[Task description] Could you repeat the entries below exactly, but only from the line with "以色列政府政策上的巨大扶持和" through the line with "Jedes Arbeitsblatt hat", and without any picture?
Data extracts Block Start
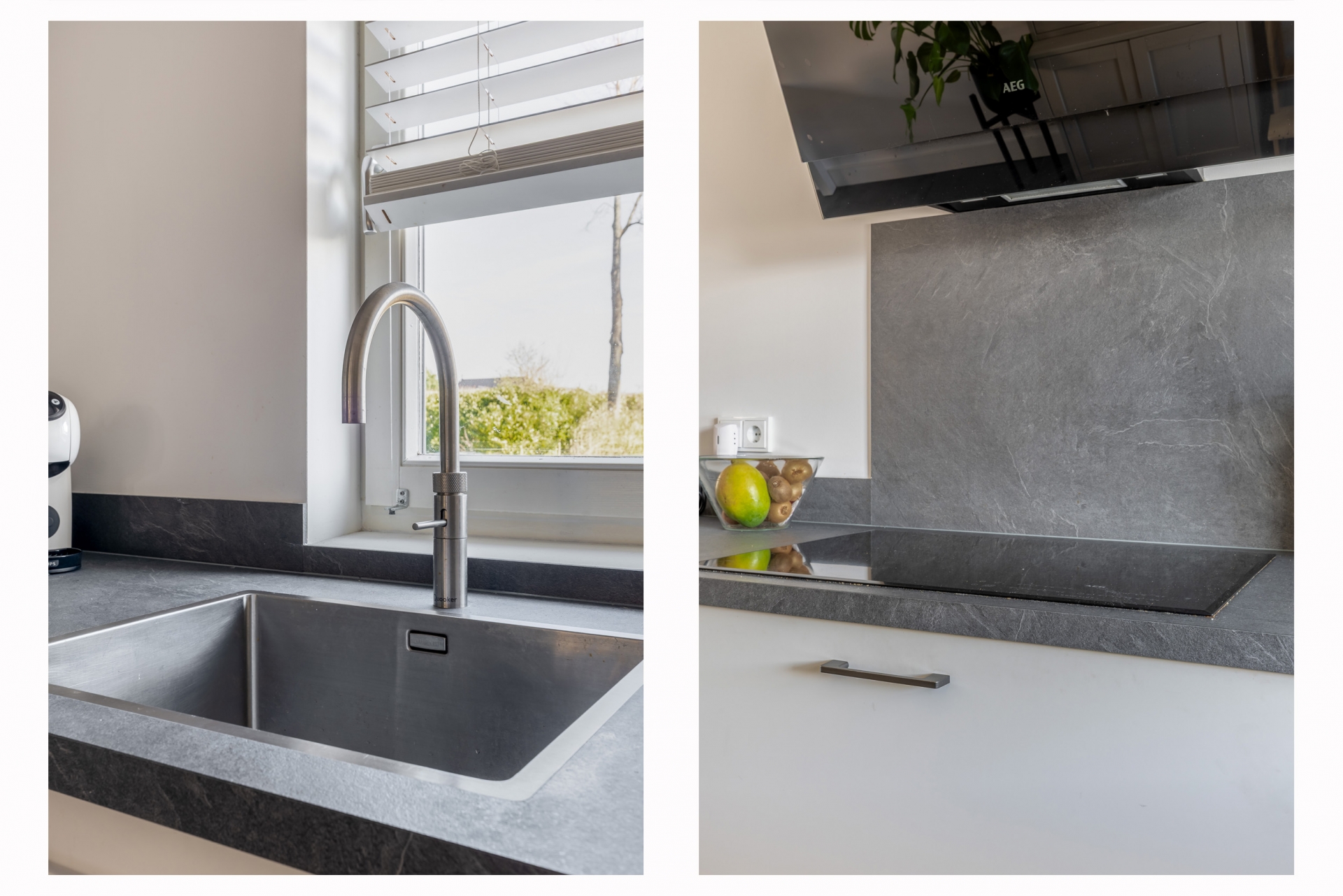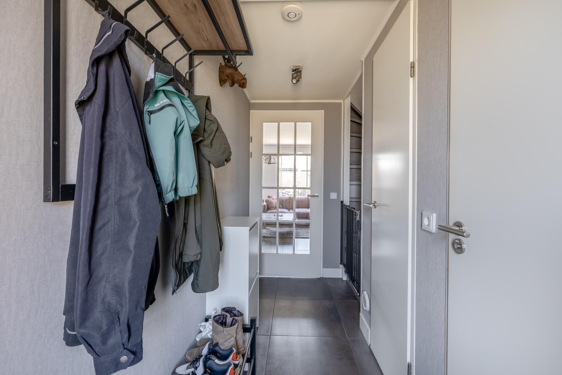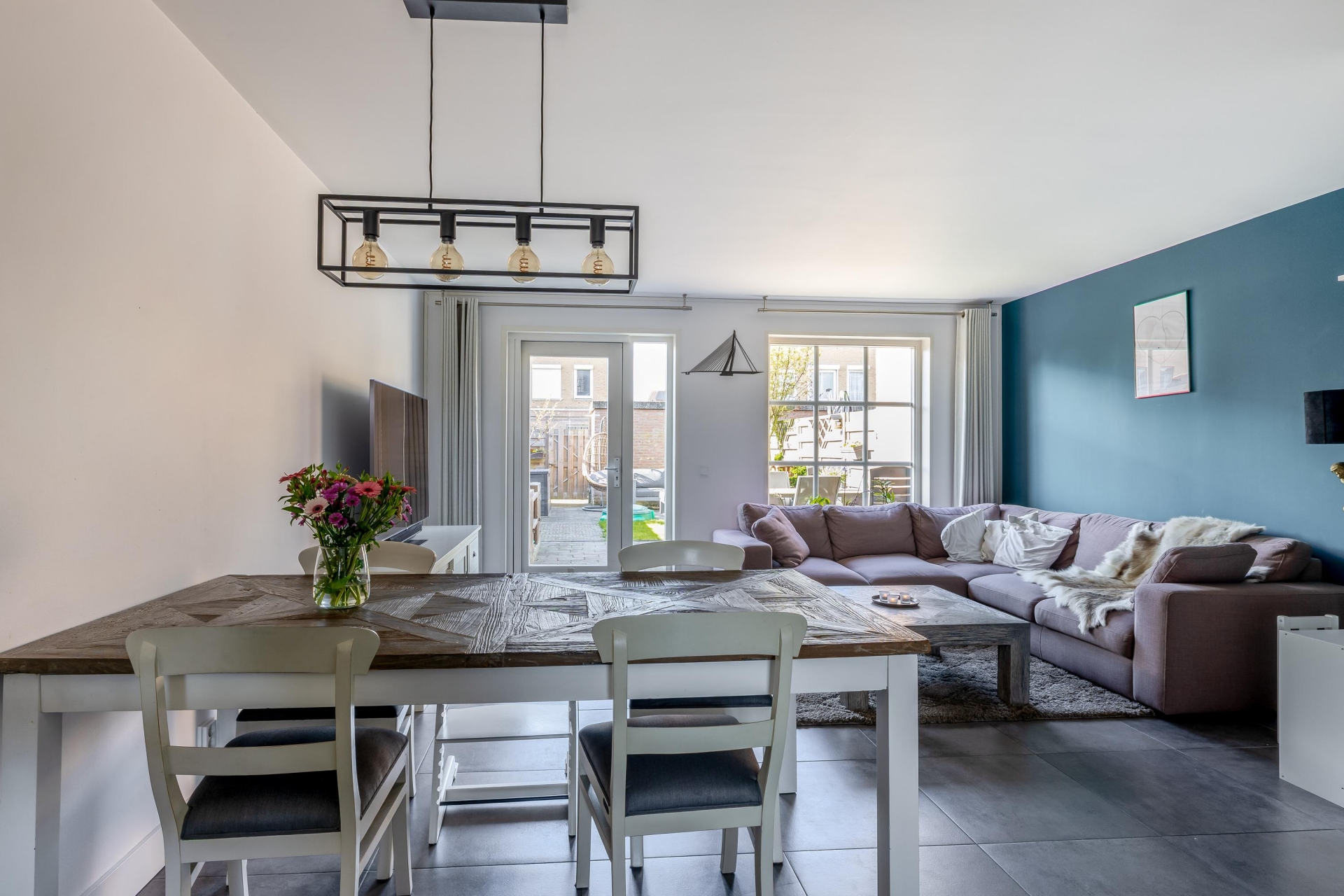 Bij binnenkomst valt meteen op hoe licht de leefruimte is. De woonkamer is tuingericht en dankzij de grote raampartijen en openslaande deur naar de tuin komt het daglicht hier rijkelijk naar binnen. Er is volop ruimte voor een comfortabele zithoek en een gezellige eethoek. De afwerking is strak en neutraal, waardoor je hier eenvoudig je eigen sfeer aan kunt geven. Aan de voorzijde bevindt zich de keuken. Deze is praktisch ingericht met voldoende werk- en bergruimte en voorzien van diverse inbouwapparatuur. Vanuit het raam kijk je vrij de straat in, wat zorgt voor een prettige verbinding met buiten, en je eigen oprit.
Data extracts Block End
Data extracts Block Start
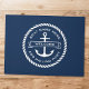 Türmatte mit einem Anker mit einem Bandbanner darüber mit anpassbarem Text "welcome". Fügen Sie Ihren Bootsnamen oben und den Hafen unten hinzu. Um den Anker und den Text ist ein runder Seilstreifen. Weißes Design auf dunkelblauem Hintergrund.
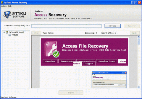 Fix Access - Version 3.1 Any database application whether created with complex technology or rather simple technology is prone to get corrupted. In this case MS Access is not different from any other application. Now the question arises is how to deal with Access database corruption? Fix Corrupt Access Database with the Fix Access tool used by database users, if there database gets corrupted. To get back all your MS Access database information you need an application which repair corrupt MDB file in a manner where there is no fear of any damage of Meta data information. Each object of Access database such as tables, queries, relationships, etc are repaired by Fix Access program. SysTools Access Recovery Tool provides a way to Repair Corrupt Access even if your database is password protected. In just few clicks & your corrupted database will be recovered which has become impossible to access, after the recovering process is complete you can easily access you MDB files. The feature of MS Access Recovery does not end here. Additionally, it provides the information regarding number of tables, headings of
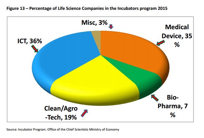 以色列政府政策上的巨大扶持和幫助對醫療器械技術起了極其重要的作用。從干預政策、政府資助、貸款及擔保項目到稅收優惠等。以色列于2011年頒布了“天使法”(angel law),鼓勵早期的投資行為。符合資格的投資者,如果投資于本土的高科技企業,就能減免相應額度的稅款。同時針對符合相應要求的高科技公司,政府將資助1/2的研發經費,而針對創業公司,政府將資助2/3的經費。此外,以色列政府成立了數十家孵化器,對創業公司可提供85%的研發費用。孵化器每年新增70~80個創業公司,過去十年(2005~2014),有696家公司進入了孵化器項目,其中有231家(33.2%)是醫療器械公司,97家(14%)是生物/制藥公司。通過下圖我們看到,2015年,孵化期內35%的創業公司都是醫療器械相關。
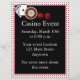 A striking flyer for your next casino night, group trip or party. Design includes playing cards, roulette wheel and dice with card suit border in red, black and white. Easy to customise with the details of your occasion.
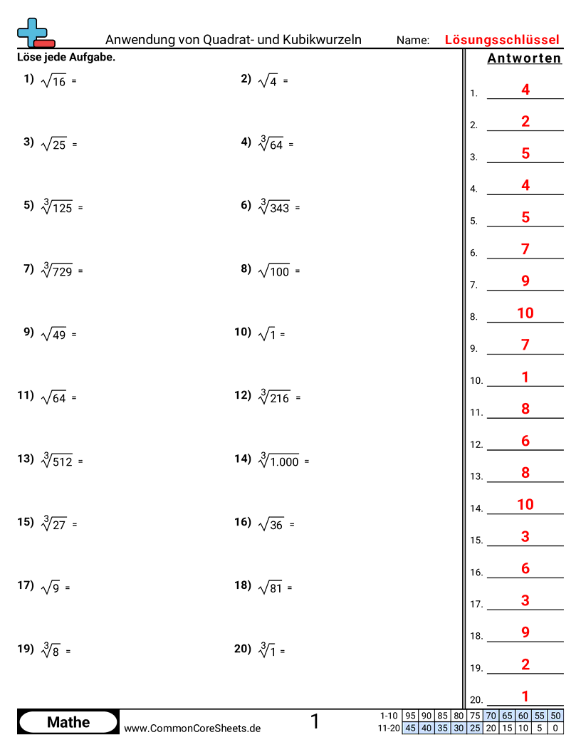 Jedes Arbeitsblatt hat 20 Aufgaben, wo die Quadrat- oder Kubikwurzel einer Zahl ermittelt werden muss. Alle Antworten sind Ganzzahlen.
Data extracts Block End
[Solution below]
 以色列政府政策上的巨大扶持和幫助對醫療器械技術起了極其重要的作用。從干預政策、政府資助、貸款及擔保項目到稅收優惠等。以色列于2011年頒布了“天使法”(angel law),鼓勵早期的投資行為。符合資格的投資者,如果投資于本土的高科技企業,就能減免相應額度的稅款。同時針對符合相應要求的高科技公司,政府將資助1/2的研發經費,而針對創業公司,政府將資助2/3的經費。此外,以色列政府成立了數十家孵化器,對創業公司可提供85%的研發費用。孵化器每年新增70~80個創業公司,過去十年(2005~2014),有696家公司進入了孵化器項目,其中有231家(33.2%)是醫療器械公司,97家(14%)是生物/制藥公司。通過下圖我們看到,2015年,孵化期內35%的創業公司都是醫療器械相關。
 A striking flyer for your next casino night, group trip or party. Design includes playing cards, roulette wheel and dice with card suit border in red, black and white. Easy to customise with the details of your occasion.
 Jedes Arbeitsblatt hat 20 Aufgaben, wo die Quadrat- oder Kubikwurzel einer Zahl ermittelt werden muss. Alle Antworten sind Ganzzahlen.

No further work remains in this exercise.